Data shown:
★ ★ ★

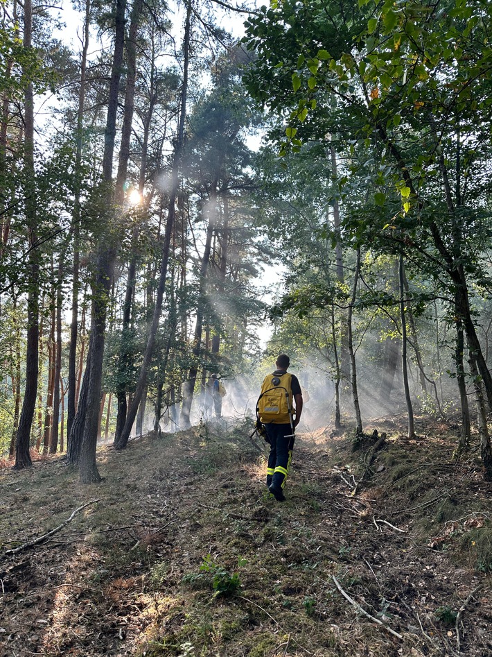 Ein Waldbrand ist am Samstag auf rund 100-200 Quadratmetern auf dem Gebiet des Nationalparks Eifel ausgebrochen. Anrufer meldeten eine Rauchentwicklung aus dem Wald bei Schmidt. Die Rauchentwicklung war zwar sichtbar, jedoch war der Weg zum Brandherd und die genaue Lage des Brandes nur schwierig auszumachen. So kamen ein Polizeihubschrauber und die Drohneneinheit des Kreises Düren zum Einsatz, um den Brand zu lokalisieren. Die Brandbekämpfung wurde mit Löschrucksäcken und Bodenbearbeitungswerkzeugen durchgeführt, mit Fahrzeugen war die Stelle nicht erreichbar. Die Ursache war offensichtlich eine Feuerstelle im Wald, diese war zwar vorbildlich mit Steinen hergerichtet, vermutlich war das Feuer aber nicht vollständig gelöscht worden. Grundsätzlich beachten Sie unbedingt zum Schutz unserer Wälder, dass Rauchen, Grillen und offenes Feuer im Wald streng verboten sind. Bitte parken Sie nur auf befestigten Flächen, damit heiße Katalysatoren der Autos die Vegetation nicht in Brand setzen! Halten Sie Waldzufahrten für den Fall der Fälle frei, sodass Rettungsfahrzeuge passieren können!
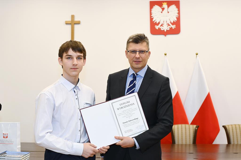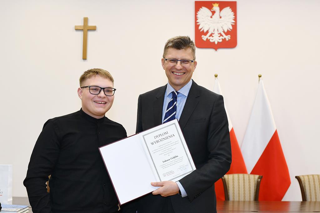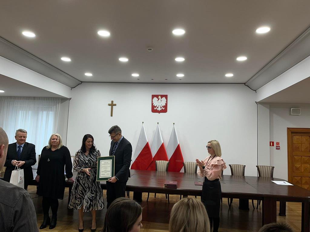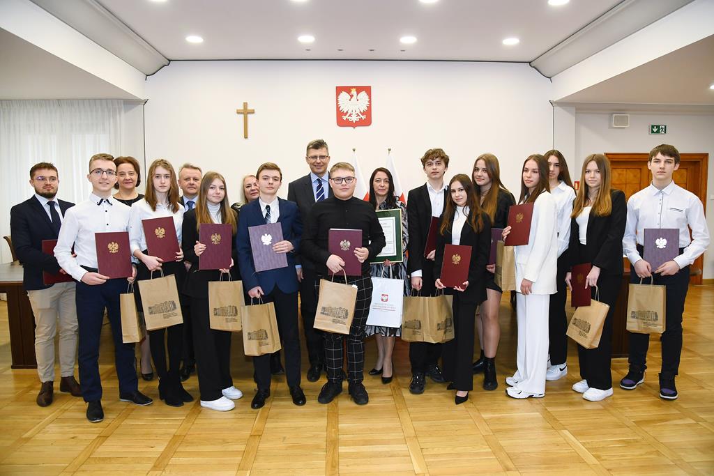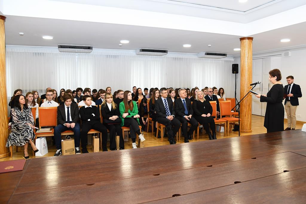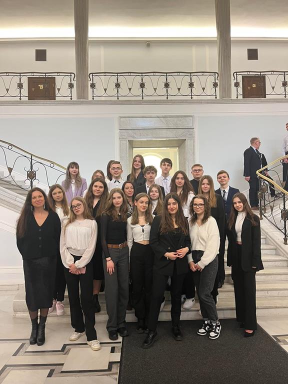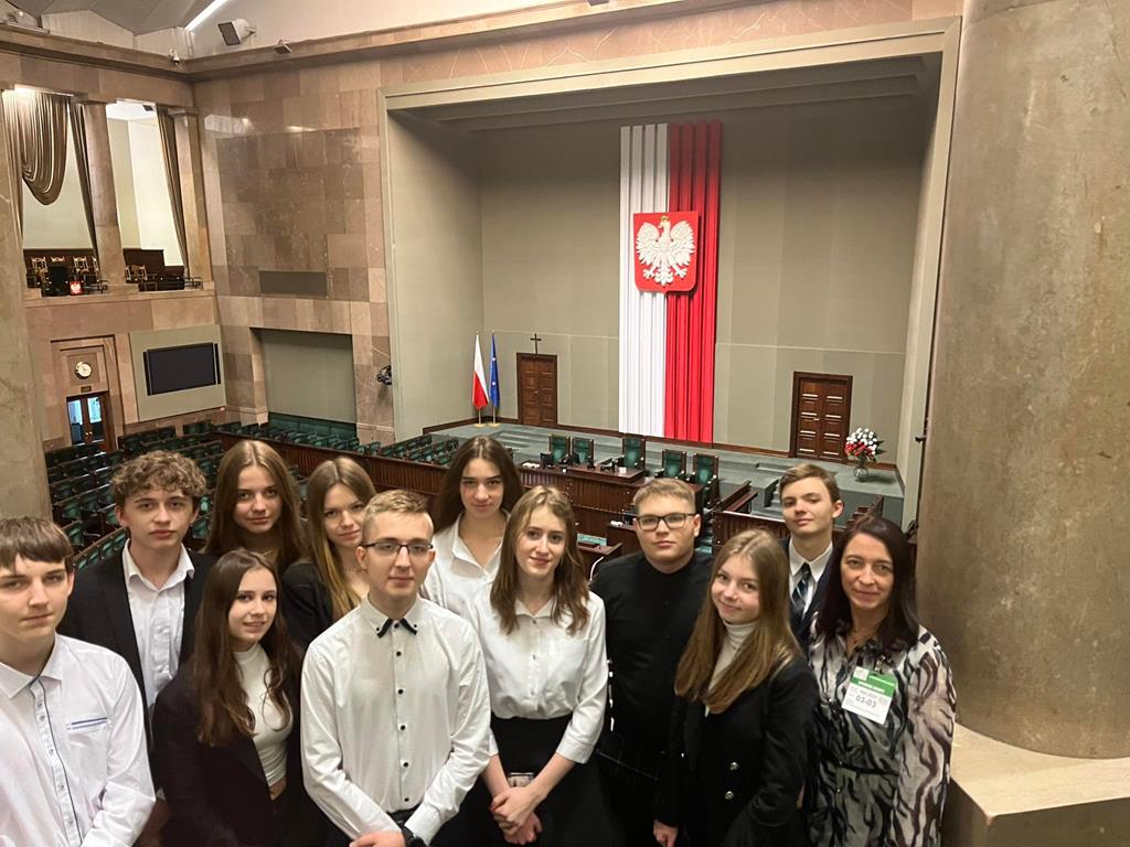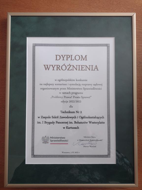 3 marca 2023 roku grupa 12 uczniów z klasy II TE i I TE w osobach: Katarzyna Bladowska, Julia Eron, Wiktoria Goitowska, Kaja Joskowska, Julia Reiter, Natalia Richert, Wiktoria Żołądz, Dominik Wałaszkowski, Łukasz Gołąbek, Piotr Turzyński, Daniel Zaborowski i Olivier Jasek otrzymała wyróżnienie w Ogólnopolskim konkursie „Problemy prawa? Prosta sprawa!”. Naszym opiekunem merytorycznym była pani Joanna Stencel. Konkurs polegał na samodzielnym opracowaniu scenariusza, zainscenizowanie i nagranie rozprawy sądowej na podstawie wylosowanego stanu faktycznego. Nagrody wręczył wiceminister sprawiedliwości Marcin Warchoł.
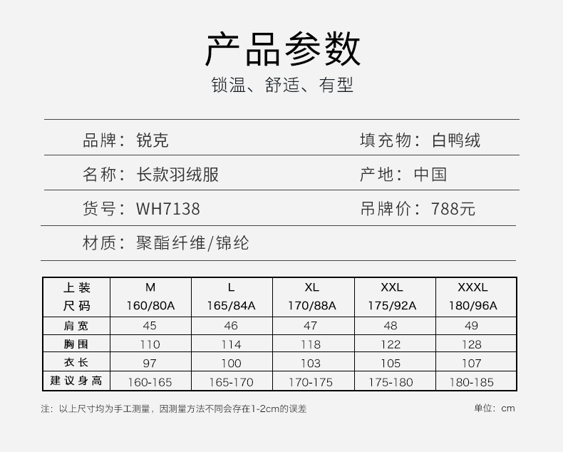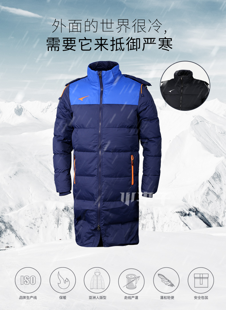 小李子:专柜正品UCAN/锐克足球运动休闲保暖羽绒长款大衣WH7138

★ ★ ★

Task details:
The answer should contain every line of the material exactly as written and no pictures.

Written reply:
 Ein Waldbrand ist am Samstag auf rund 100-200 Quadratmetern auf dem Gebiet des Nationalparks Eifel ausgebrochen. Anrufer meldeten eine Rauchentwicklung aus dem Wald bei Schmidt. Die Rauchentwicklung war zwar sichtbar, jedoch war der Weg zum Brandherd und die genaue Lage des Brandes nur schwierig auszumachen. So kamen ein Polizeihubschrauber und die Drohneneinheit des Kreises Düren zum Einsatz, um den Brand zu lokalisieren. Die Brandbekämpfung wurde mit Löschrucksäcken und Bodenbearbeitungswerkzeugen durchgeführt, mit Fahrzeugen war die Stelle nicht erreichbar. Die Ursache war offensichtlich eine Feuerstelle im Wald, diese war zwar vorbildlich mit Steinen hergerichtet, vermutlich war das Feuer aber nicht vollständig gelöscht worden. Grundsätzlich beachten Sie unbedingt zum Schutz unserer Wälder, dass Rauchen, Grillen und offenes Feuer im Wald streng verboten sind. Bitte parken Sie nur auf befestigten Flächen, damit heiße Katalysatoren der Autos die Vegetation nicht in Brand setzen! Halten Sie Waldzufahrten für den Fall der Fälle frei, sodass Rettungsfahrzeuge passieren können!
 3 marca 2023 roku grupa 12 uczniów z klasy II TE i I TE w osobach: Katarzyna Bladowska, Julia Eron, Wiktoria Goitowska, Kaja Joskowska, Julia Reiter, Natalia Richert, Wiktoria Żołądz, Dominik Wałaszkowski, Łukasz Gołąbek, Piotr Turzyński, Daniel Zaborowski i Olivier Jasek otrzymała wyróżnienie w Ogólnopolskim konkursie „Problemy prawa? Prosta sprawa!”. Naszym opiekunem merytorycznym była pani Joanna Stencel. Konkurs polegał na samodzielnym opracowaniu scenariusza, zainscenizowanie i nagranie rozprawy sądowej na podstawie wylosowanego stanu faktycznego. Nagrody wręczył wiceminister sprawiedliwości Marcin Warchoł.
 小李子:专柜正品UCAN/锐克足球运动休闲保暖羽绒长款大衣WH7138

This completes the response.